We set one up here at the shop with a Bafang BBSHD and it runs great, carrying passengers like a taxi bike. It is recommended to run a gear sensor on one of the cables when trying to shift under load. Also, you can run full length housing as there’s no indexing. This makes it a truly maintenance free solution as the cables are well protected. In addition we have a large stock of spare parts, special oil and shifters should you need any servicing later on.
Technical manual is posted here: https://endless-sphere.
Tips for setting up the shifter:
1. When operating the hub with electric assist, put a gear sensor in line with the shift cables so the motor stops powering when attempting to operate the shifter. The N171 does not shift under load.
2. Run full housing. It protects the cables and there’s no advantage to not having full coverage.
3. For easier installation, install an extra cable housing adjuster barrel in one of the cables. It allows for less precision when establishing cable length on the initial setup.
Known issues that can develop over the years:
1. Heat. In hot climates and under hard use, some hubs will leak oil. It appears to be caused by the large hub shell expanding slightly and allowing the black threaded plate to lose it’s seal.

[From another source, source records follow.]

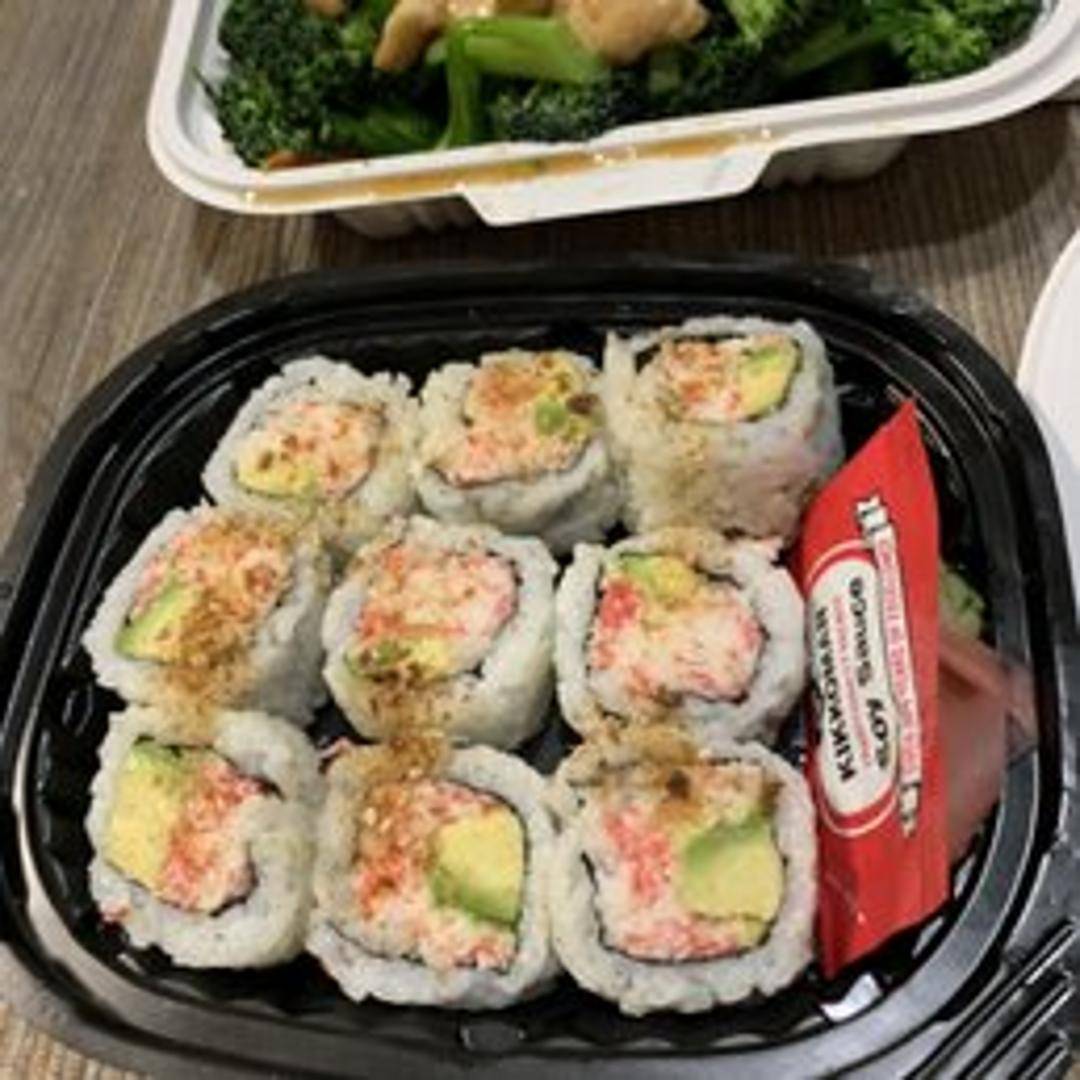 A popular sushi roll consisting of imitation crab meat, avocado, cucumber, and rolled with seasoned rice and seaweed. Often topped with sesame seeds and served with soy sauce, ginger, and wasabi.
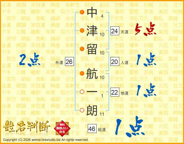 中(4画)津(10画)留(10画) 航(10画)一(1画)朗(11画)
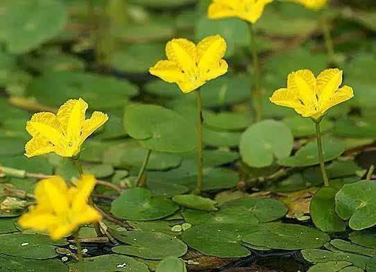 这种植物通常长在水里,叶片圆圆的,很像是迷你版的荷叶,漂浮在水上面十分可爱。它的生长力很强,一长就能长出一大片,格外茂盛。而且它还会开出一朵朵黄色的小花,挺立在叶片之上,显得小巧精致。
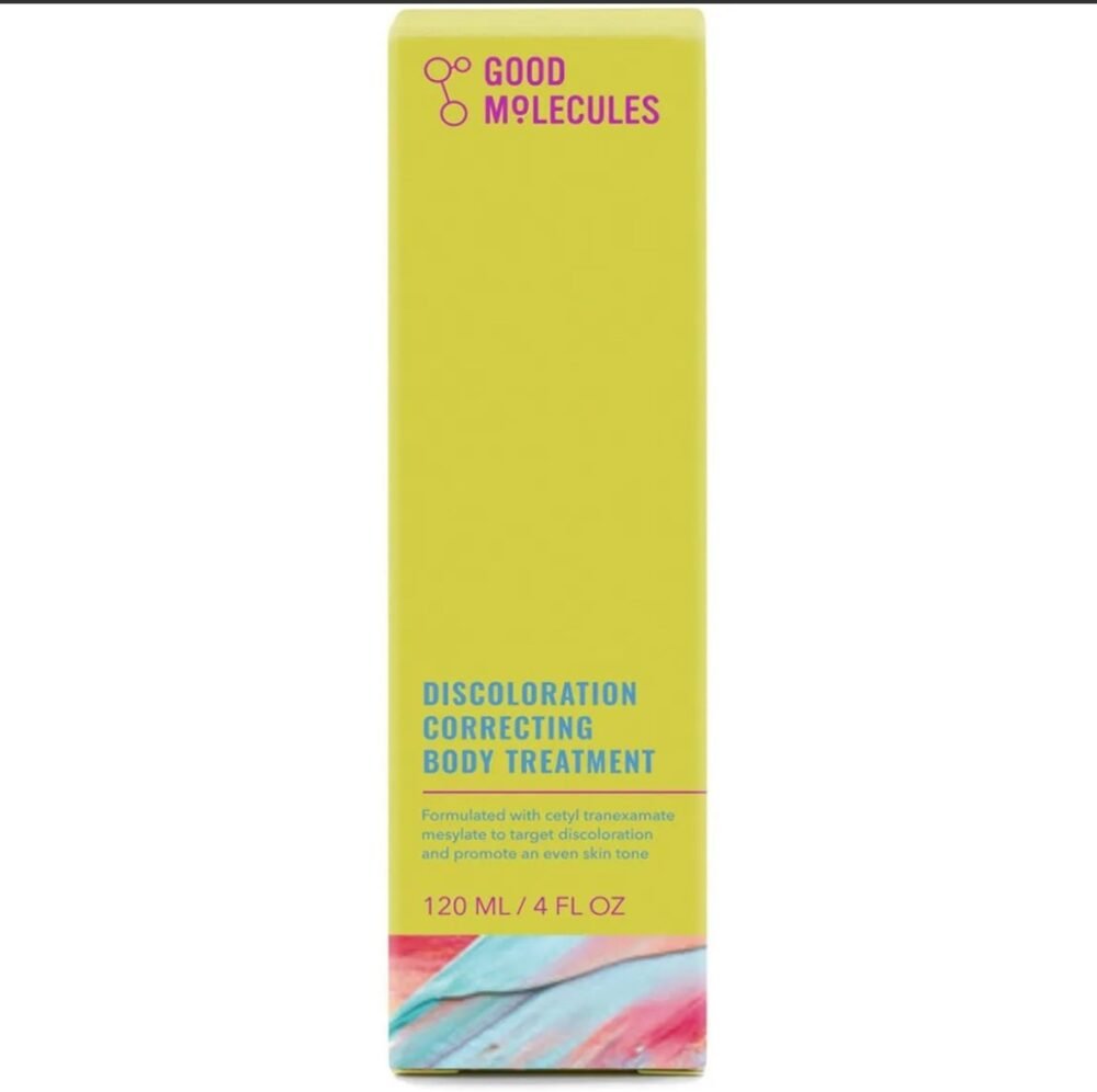 The Good Molecules Discoloration Correcting Body Treatment 120ml is a hydrating body moisturizer designed to improve the appearance of dark spots, age spots, hyperpigmentation, sun damage, and uneven skin tone. Here are its key features and benefits: *Key Ingredients:* – *2% TeraCeutic TXVector (cetyl tranexamate mesylate)*: Delivers tranexamic acid deep into the skin to help fade hyperpigmentation. – *Aspergillus and Saccharomyces Ferments*: Help soothe, moisturize, and brighten the skin. – *Niacinamide, Arginine, and Jojoba Seed Oil*: Support hydrated, healthy-looking skin. – *Capryloyl Salicylic Acid (LHA)*: Exfoliates dead skin cells for smoother skin. *Benefits:* – *Fades Dark Spots*: Effectively targets hyperpigmentation, post-acne scars, and sun spots. – *Hydrates Skin*: Provides long-lasting hydration for a softer, more radiant complexion. – *Suitable for All Skin Types*: Gentle and non-irritating, making it perfect for sensitive skin. *How to Use:* – Apply to areas of concern in the morning and at night. – Avoid direct eye contact

We’ve opened them up and wrapped the threads with teflon tape. Warming up the hub shell (expanding it) before closing it back up again will further help seal it. Note that it’s difficult to break the seal on a new hub if you have the thought to do this job preemptively. It’s recommended to not try this as most hubs don’t leak.
2. Hub mounted brakes. Powerful hub mounted brakes can slowly work the black threaded plate loose. If the three locking teeth come loose at all, the seal can be broken. Excessive braking under heavy load can also heat the hub up (see #1 above). The three locking teeth are held on with three button head cap screws. It is recommended to replace those screws with a torx head screw. These should be reinstalled with permanent thread locking compound (red LocTite) and checked periodically.

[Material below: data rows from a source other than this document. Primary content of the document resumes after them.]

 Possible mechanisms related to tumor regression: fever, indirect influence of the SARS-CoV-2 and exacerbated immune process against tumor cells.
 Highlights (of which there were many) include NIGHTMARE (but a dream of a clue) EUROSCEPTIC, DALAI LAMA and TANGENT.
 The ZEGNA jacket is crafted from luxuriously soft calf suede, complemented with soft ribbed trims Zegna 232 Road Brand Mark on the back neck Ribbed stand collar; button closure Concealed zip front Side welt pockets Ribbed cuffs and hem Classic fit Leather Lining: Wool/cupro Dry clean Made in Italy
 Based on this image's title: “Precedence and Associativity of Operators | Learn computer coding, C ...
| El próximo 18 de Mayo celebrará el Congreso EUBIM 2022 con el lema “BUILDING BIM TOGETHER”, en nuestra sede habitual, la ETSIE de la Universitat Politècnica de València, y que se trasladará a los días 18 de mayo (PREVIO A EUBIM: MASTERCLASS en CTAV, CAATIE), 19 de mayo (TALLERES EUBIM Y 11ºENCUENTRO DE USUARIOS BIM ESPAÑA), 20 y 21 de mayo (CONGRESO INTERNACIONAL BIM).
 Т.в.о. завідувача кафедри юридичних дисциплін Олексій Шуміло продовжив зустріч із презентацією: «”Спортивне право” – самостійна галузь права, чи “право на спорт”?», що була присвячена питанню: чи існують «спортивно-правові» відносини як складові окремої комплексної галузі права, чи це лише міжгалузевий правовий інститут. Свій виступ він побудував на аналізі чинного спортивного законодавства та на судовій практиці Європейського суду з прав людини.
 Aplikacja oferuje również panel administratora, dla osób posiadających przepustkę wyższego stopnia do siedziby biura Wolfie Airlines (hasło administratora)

3. Shifter wear: The handlebar mounted shifter mechanism can wear out. It’s difficult to fix. Often just the cable is damaged and continued use with a damaged cable will hasten the demise of the shifter. Best to replace the shifter.
4. Shift box vulnerability. The shift box hangs off the end of the hub and can get damaged. If a guard can be made to protect the shift box, it will last a lot longer. The shift rod that inserts into the hub can also get bent but they can be bent back straight with some effort.
5. Freewheel removal. The NuVinci N171 is threaded for a freewheel but the system already is able to run backwards, like a freewheel but with some resistance. And most mid drive electric assist units (like the Bafang HD series) have freewheeling in the crankset. So we usually just install a track cog on the threaded portion and it’s more easily removed. Fallbrook sold a removal tool but they are no longer available. With the track cog, you just remove a snap ring and the freewheel body can come off, allowing access to the back side for fixing with various methods (including using a tool we have available) as you then use a chain whip to unscrew the track cog. If there’s a regular freewheel on it, you have to pry it off, overpowering the snap ring. This is surprisingly easy to do with a big screwdriver but you run the risk of damaging the snap ring. Then use our tool to hold it in a vise and then use the chain whip to remove the freewheel. We have spare snap rings but they are expensive because we harvest them from other hubs, along with fluid and other parts.